NATEF accreditation boosts CTE Auto Tech program

Clare-Gladwin CTE Auto Tech Paraeducator Suzanne Ledford and Instructor Rich Hollister display the NATEF certification documents.

Clare-Gladwin CTE Auto Tech Paraeducator Suzanne Ledford and Instructor Rich Hollister display the NATEF certification documents.

Students learning Automotive Technology in the Clare-Gladwin Career & Technical Education program will continue to enter the workforce prepared, experienced...and certified.

That last part is especially important, so CTE officials were pleased to learn that the auto program recently attained re-certification with the National Automotive Technicians Education Foundation. To achieve this coveted recognition, the CTE Auto Tech program underwent rigorous evaluation by NATEF, which employs nationally accepted standards of excellence in areas such as instruction, facilities and equipment.

“For our students, this gives them a head start to a successful career,” said Instructor Rich Hollister. “All dealerships require employees to meet Automotive Service Excellence standards, and the NATEF training program gives them the skills required to be ASE-certified.
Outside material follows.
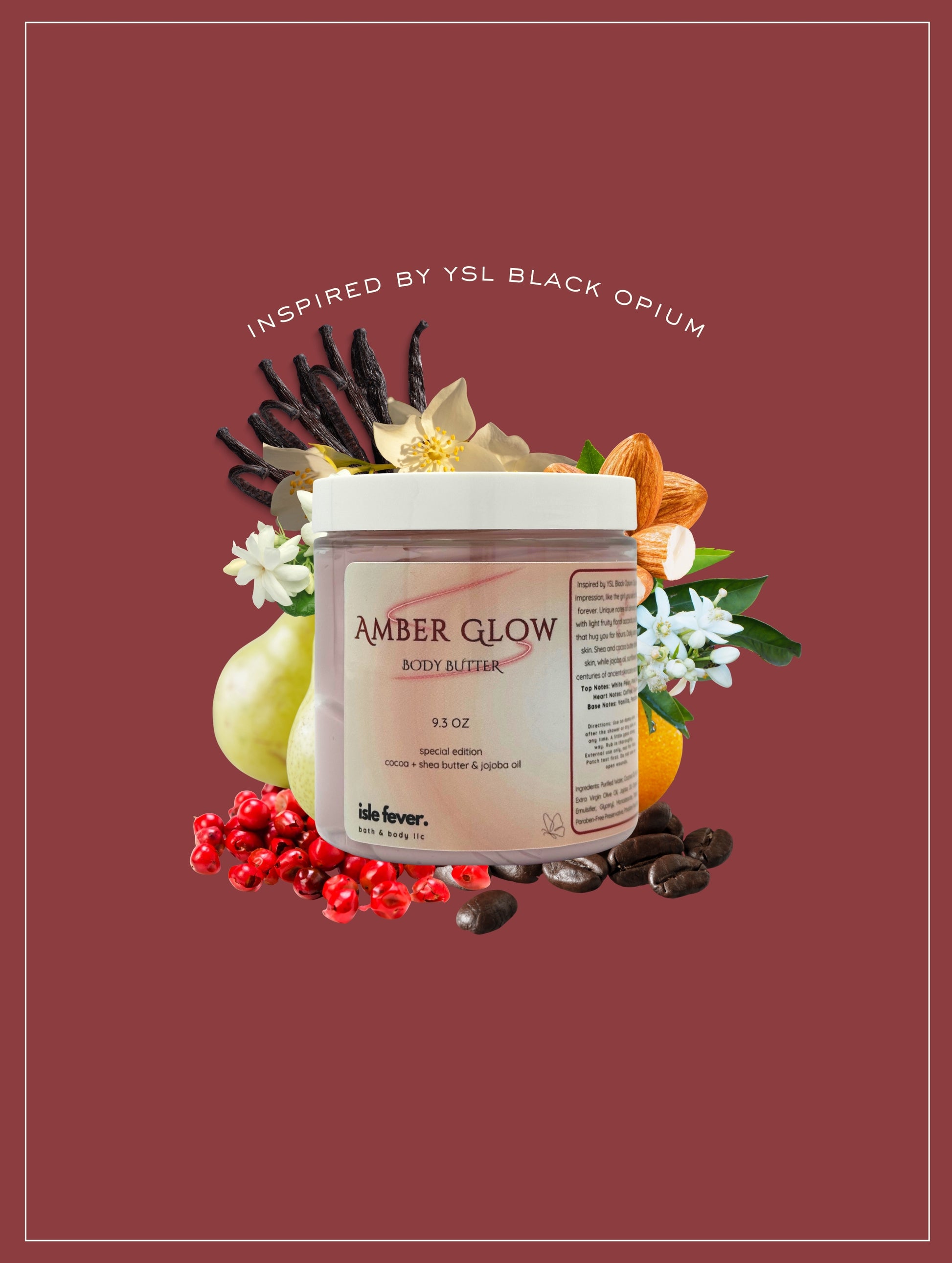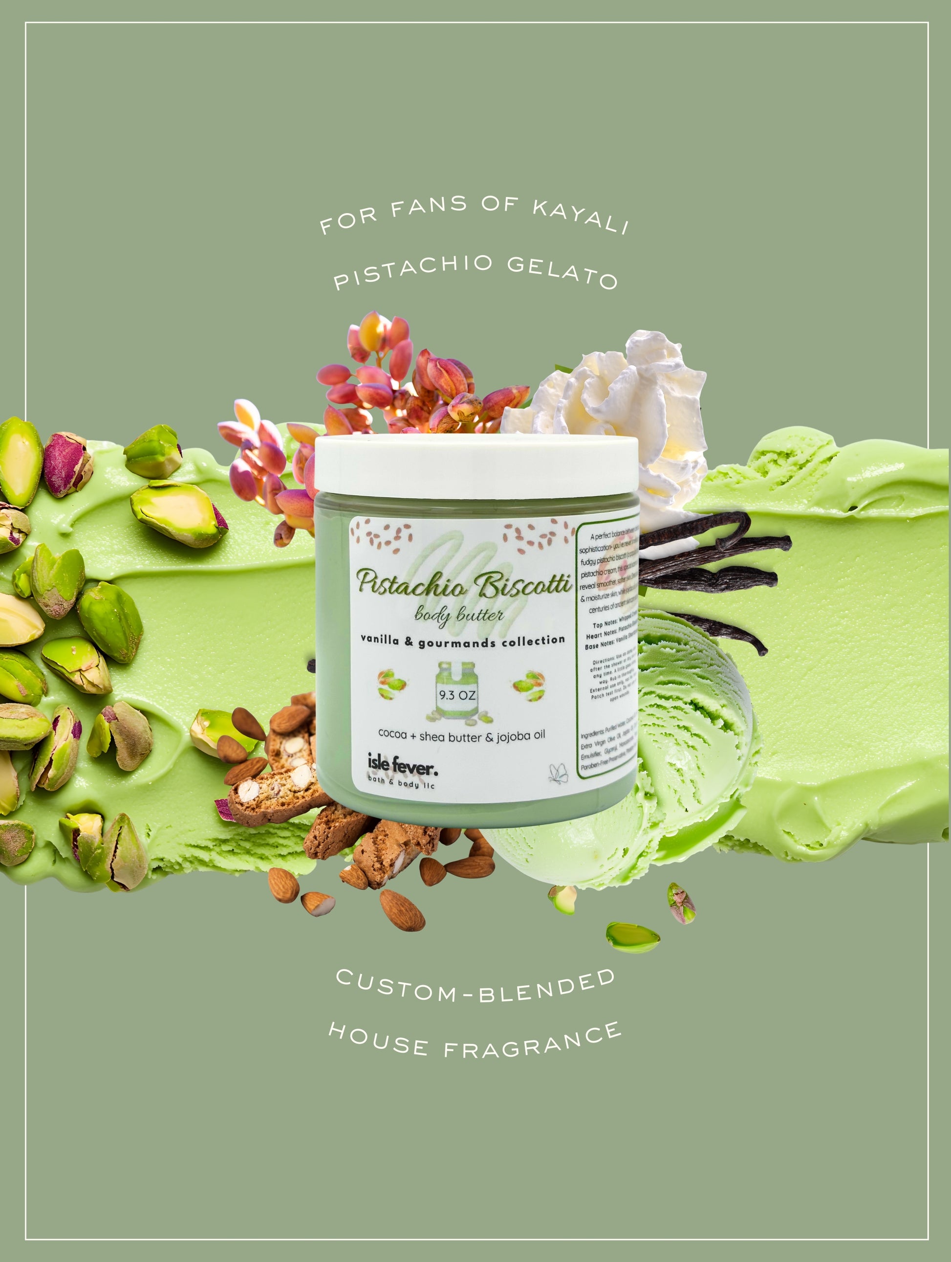 Ingredients: Purified Water, Coconut Oil, High Oleic Sunflower Oil, Cocoa Butter, Extra Virgin Olive Oil, Jojoba Oil, Organic Shea Butter, Sweet Almond Oil, Emulsifier, Glyceryl Monostearate, Stearic Acid, Cetyl Alcohol, Carbomer, Paraben-Free Preservative, Phthalate-Free Fragrance, Skin-Safe Color

NATEF is a nationwide certification program, so our students can use those credentials throughout the U.S. to gain employment.”

Hollister said the accreditation process is quite involved.

“The curriculum is reviewed to make sure it meets national standards,” he said. “The funding, the teaching staff and the facilities are also reviewed to make sure that we have the proper equipment, tools, training space and employment opportunities.”

Accreditation must be renewed every five years. For Hollister, who’s been teaching CTE Auto Tech for nine years, this is his second successful trip through the process. He’s proud of what the NATEF recognition says about the program and its students.

“I think this shows that we are reaching to be more successful and want to acquire the training to produce qualified members of the job force,” he said. “There is a lot of hard work involved, and we’ve been working on this for the last five months. To get ready for this and still be able to have our students be as successful as they have been with testing shows me that we had a great team this year.”

CTE STUDENTS ACHIEVE ASE AUTO CERTIFICATION

(CLARE) – Twenty-three Auto Technology students recently gained certification through the Automotive Service Excellence test for electrical and electronic systems. More than 80 percent of the high school students, enrolled through the Clare-Gladwin Regional Education Service District’s Career & Technology Education program, passed the test to achieve certification.

Left to right: Christian Kuhns, Dakota Burgess, Max Crafard, Connor Vanbuskirk, Max Taylor, Corbin Brewer, Zach Hillier, Zach Bowers, Cody Coburn and Jeffery Lawrence.

The CTE Auto Tech students took the Automotive Service Excellence (ASE) test for electrical/electronic systems in early January. Instructor Rich Hollister was impressed with the results.

“The student ASE testing is a very hard test, and unlike any other test platform that these students have ever had,” Hollister said. “Not only does it test the students on the area of automotive repair that they have been studying, it also tests each student’s ability to problem solve. The technology of the modern automobile is complicated, and to repair it properly, a technician has to have very good math skills and the ability to follow a flow chart.

Left to right, Dylan Worden, Austin Currier, Ronnie Richardson, Carlos Zieroff, Sulley Cousineau, Josh Pate, Travis Krueger, David Sturgeon, Brandon Cergnul, Brandon Pahl and Aron Pohl.

“The students perform tests using computerized equipment reading data and comparing to what the data should read,” he added. “Then they determine a corrective action to make the repair. In order to properly diagnose and repair a fault with a vehicle, it takes a special type of problem solving skills to determine the correct repair is performed.”

For students, ASE Student Certification can be thought of as the first step in building a career as a service professional by providing them with their first industry-recognized certification through ASE. Student certification is valid for two years from the date of the exam. The testing program’s independent assessment is a particularly valuable tool for instructors and administrators who are working to respond to today’s increasing demands for measurable outcomes and accountability.

“I am very proud of this group of students,” Hollister said. “They have all worked very hard to pass this test, and it shows with an 80% pass rate, which is nearly double of some previous years. This group of students will be a great asset to the workforce in the near future, and with the demand for certified automotive technicians being so high, they will definitely find gainful employment when they graduate.”

Added Para-Educator Suzanne Ledford: “We have a great group of kids this year, so I wasn’t surprised they did so well. They worked hard and their efforts paid off.”

Students earning certification include Zach Bowers, Max Crafard, Devun Grein, Christian Kuhns, Matt Shaw and Connor Vanbuskirk of Clare; Corbin Brewer, Cody Coburn and Jeffery Lawrence  of Farwell; Brandon Cergnul, Sulley Cousineau, Austin Currier, Travis Krueger, Ronnie Richardson, David Sturgeon and Carlos Zieroff of Beaverton; Brandon Pahl, Josh Pate, Aaron Pohl and Dylan Worden of Gladwin; Zach Hillier and Max Taylor of Harrison; and Dakota Burgess of Coleman.